> [Supplied information]
* * * * * * *

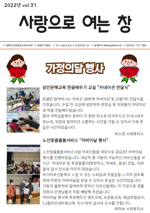 지역주민을 모시는 공동체로써 삶의질 향상에 최선을 다하겠습니다.
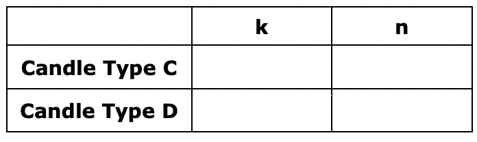 Fill in the blanks to complete the table to show two possible sets of values for k and n for your new candle designs.
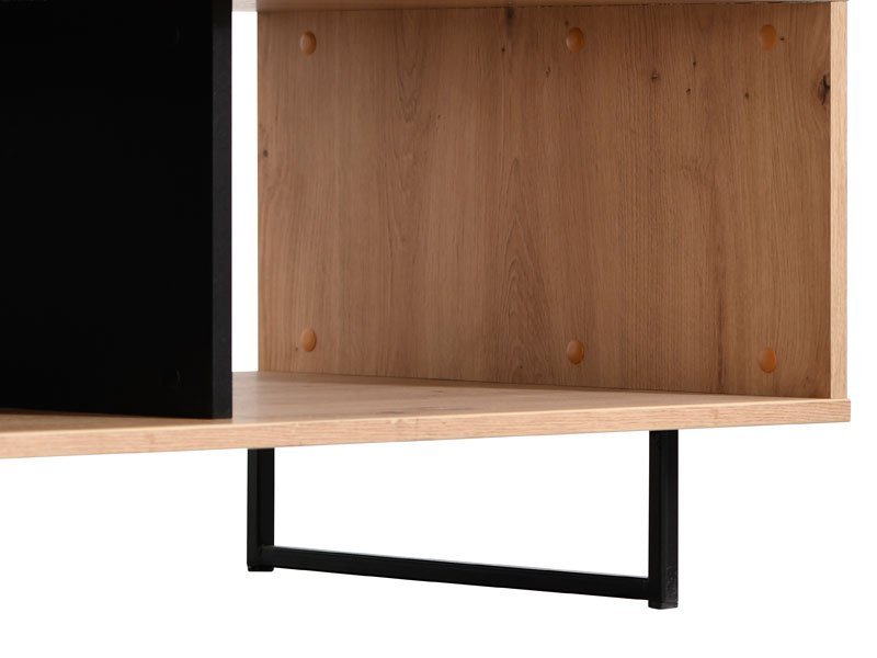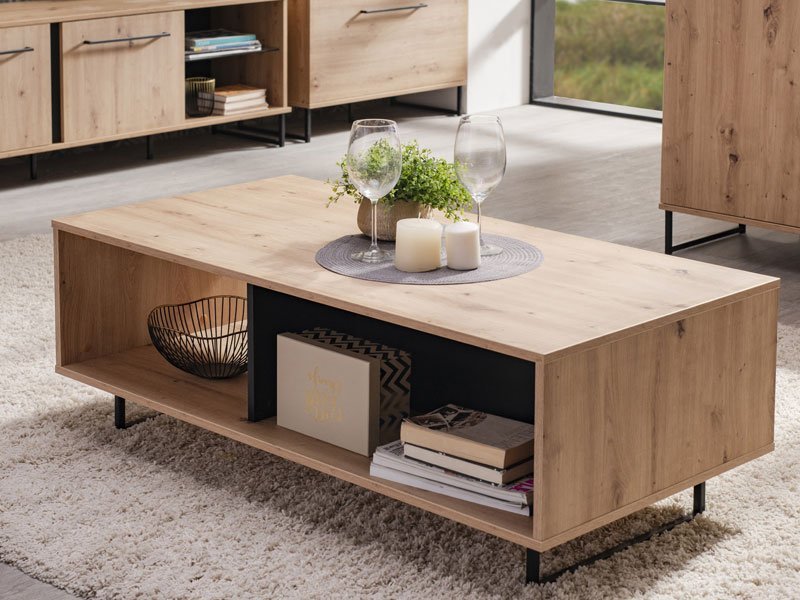 Klub sto SARDINIA, u kombinaciji artisan hrasta i crnog dekora, deo je istoimene kolekcije sa kojom čini enterijersku celinu, a koja u vaš dom unosi odraz autentičnog i odvažnog životnog stila. Svojim izgledom će doprineti da vaš dom bude opremljen po najnovijim enterijerskim standardima. Raspored pregrada ispod radne površine doprineće da prostor za odlaganje časopisa ili knjiga bude maksimalno iskorišćen.

* * * * * * *

> [What to work on] Return the material above verbatim, minus the pictures.

> [Response area]
 지역주민을 모시는 공동체로써 삶의질 향상에 최선을 다하겠습니다.
 Fill in the blanks to complete the table to show two possible sets of values for k and n for your new candle designs.
 Klub sto SARDINIA, u kombinaciji artisan hrasta i crnog dekora, deo je istoimene kolekcije sa kojom čini enterijersku celinu, a koja u vaš dom unosi odraz autentičnog i odvažnog životnog stila. Svojim izgledom će doprineti da vaš dom bude opremljen po najnovijim enterijerskim standardima. Raspored pregrada ispod radne površine doprineće da prostor za odlaganje časopisa ili knjiga bude maksimalno iskorišćen.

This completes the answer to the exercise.